Soil has a microbiome, too
The Netherlands is home to windmills and clogs. It is also home to intensively farmed cropland. Holland’s small size and large population have meant that the country has historically needed savvy agriculturalists to feed its people. It grows less and less of its own food. So the government has to buy out farmers to return cropland to a wilder state.
This program started several decades ago. That's according to Martijn Bezemer, a biologist at the Netherlands Institute of Ecology. Back then, conservationists would simply stop planting and let the land be, or, they would strip off the top layer of soil and leave the sandy subsoil exposed to the elements. Neither approach met with much success. They waited for a healthy grassland to take hold. But the soil, degraded after decades of high-intensity farming, wasn’t recovering.
The government recruited Bezemer to try and speed up the restoration process. His group began experimenting with the process of inoculating degraded soils with dirt from healthy ecosystems. Bezemer’s group wanted to use healthy microbes to treat a sick ecosystem the way physicians can treat many intestinal problems by transplanting gut microbes from a healthy person into a sick one.
Their initial work in greenhouses and on small plots impressed Machiel Bosch, a nature manager for the government. He was helping to oversee the restoration process in the Netherlands. Several years ago Bosch received a new parcel of land and he invited Bezemer to try his soil microbial transplants on a larger scale.
The results were published in the journal Nature Plants. They revealed that small soil inoculations from grassland or heathland could help determine which plants would colonize the area and thrive in the future. “You don’t get the right plants if you don’t have the right soil,” says Bezemer.
Scoop up a handful of soil. The dirt you hold in your palms forms the basis of the life around you, ranging from the earthworms crawling in your garden to the raptors hundreds of feet in the air. But soil is not just a lifeless pile of earth. Symbiotic fungi, known as mycorrhiza, is living in plant roots. They help the plants extract vital nutrients. Other microbes break down decaying plants and animals, replenishing the materials used by the plants.
Scientists believed that soil microbes were broadly similar around the world. But more recent work has revealed that microbial populations are actually hyper-local. That's according to Vanessa Bailey, a microbiologist at Pacific Northwest National Labs who studies at the foot of Rattlesnake Mountain in Washington State. That soil is actually quite different from the soil at the top. From the foot to the top there is an elevation change of just 3500 feet.

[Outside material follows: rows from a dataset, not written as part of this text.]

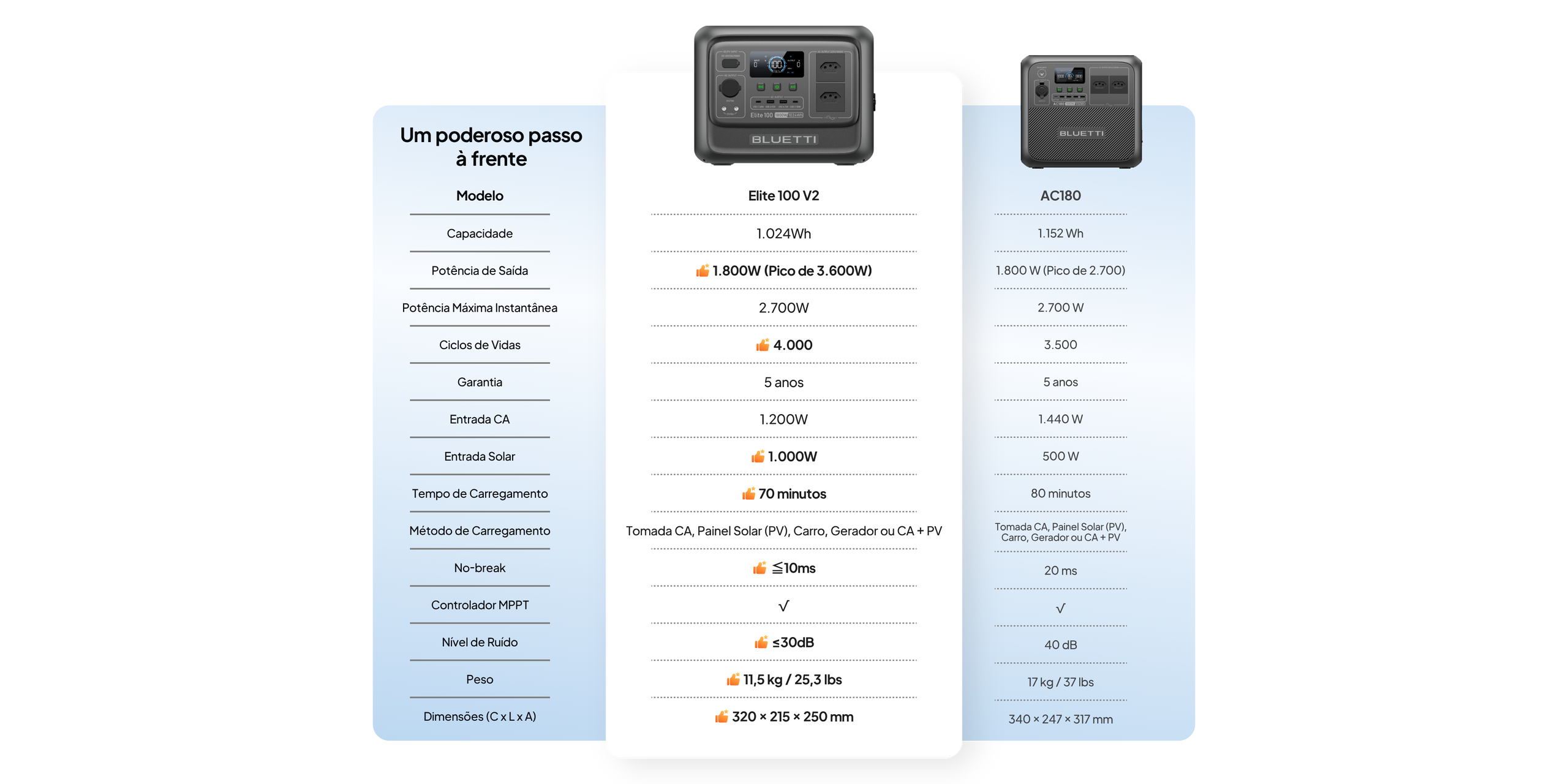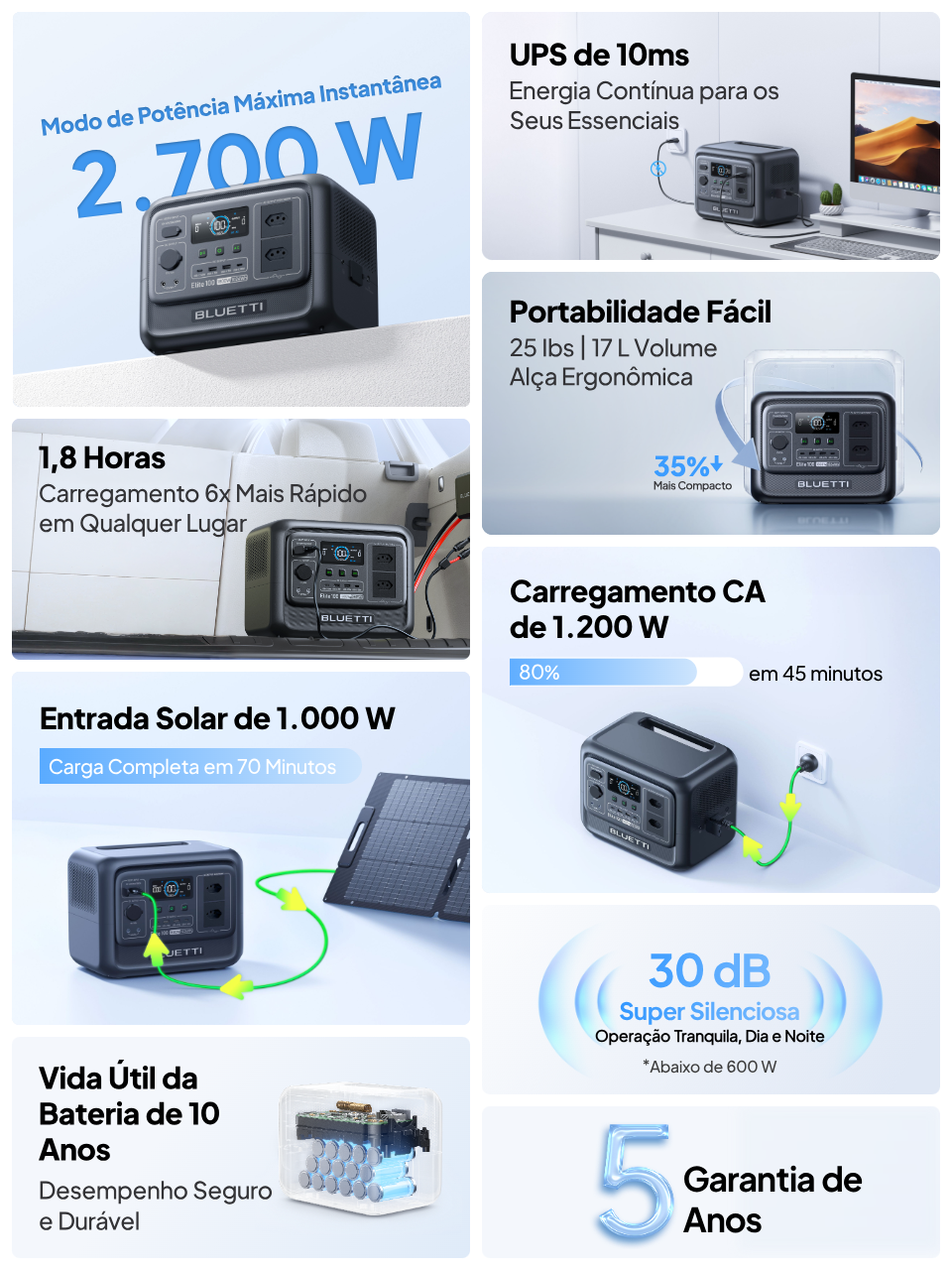 Modo de Memória de Energia – Uma vez ativado, o Elite 100 V2 retoma automaticamente a alimentação dos dispositivos assim que a energia da rede volta — sem reinicialização manual.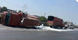 સુરત જિલ્લામાંથી પસાર થતા નેશનલ હાઈવે 48 પર આજે એક માર્ગ અકસ્માતની ઘટના બની હતી. કામરેજ તાલુકાના વાવ ગામ નજીક હાઈવે પરથી પસાર થઈ રહેલા એક ટેમ્પોનું અચાનક ટાયર ફાટી ગયું હતું. ચાલકે વાહન પરનો કાબૂ ગુમાવતા ટેમ્પો અધવચ્ચે જ પલટી મારી ગયો હતો. અકસ્માતને પગલે હાઈવે પરના ટ્રાફિક પર થોડી અસર પડી હતી.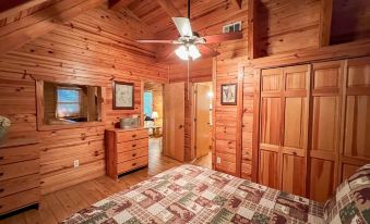 Had a great time beautiful cabin except you can’t enjoy the swing in the front nor the patio on the back due to flies and mosquitoes so I recommend installing a reversible fan in both locations where you have the single light, also install tvs in the bedrooms.

What this means for scientists is two-fold. For one, it means that microbial diversity in soil alone is probably far more immense than anyone had anticipated. “We have the tools now to describe microbes in much greater detail than even five or ten years ago,” said Noah Fierer, a microbiologist at the University of Colorado at Boulder. “Yet 80 percent of the soil microbes in Central Park are still undescribed. There’s a lot of diversity to reckon with.”
The second implication is that two different ecosystems, even those in close proximity, could have very different microbes living in their soil. A plant might survive drought not because of something inherent to its physiology, but because of the assortment of symbiotic microbes in the dirt, Fierer said. Plant the seeds elsewhere, and they may not be able to germinate, grow and thrive without the proper mixture of bacteria and fungi. As researchers began learning more about the depth and complexity of these interactions, Bezemer realized that could explain why his native country’s attempts at returning farmland to native ecosystems was failing.
The process could work, Bezemer believed, if the right soil was present. At first, he tried moving the soil wholesale. It wasn’t a problem for small projects in pots and greenhouses, but scaling any projects up would be difficult, as soil is heavy and hard to move. Still, these early trials gave Bezemer enough data to show that seeds did better when they were planted in soil taken from other ecosystems where those species thrived.
Not only did the plants grow better, but the transplanted soil also prevented weeds and other non-desired plants from dominating the new system before the native species had a chance to take hold.
For Bezemer, the problem with this approach was the amount of soil needed. To adequately convert farmland to grass or heathland across the Netherlands, conservationists would effectively have to strip all of the soil from healthy ecosystems. But if microbes were the important factor, then maybe he didn’t need massive quantities of dirt.
The experiment took six years, but the data clearly showed that the donor soil steered the former agricultural land towards an ecosystem that looked like the original source. Grassland soil created grassland, heathland became heathland. Stripping the topsoil allowed for stronger donor soil effects, and the ecosystems also recovered faster.
Bailey published her own study on how climate change might affect soil microbes, and says that these results show not only the effects of donor soil on ecosystem restoration, but also how competition between soil microbes can affect how plants grow. The likely reason that the inoculations had less of an effect when the topsoil wasn’t removed was competition between the existing microbes and the ones in the transplanted soil.
Soil remains an ecological black box for scientists. Even now, researchers are just beginning to understand how microbes that we can’t even see could potentially shape the world around us.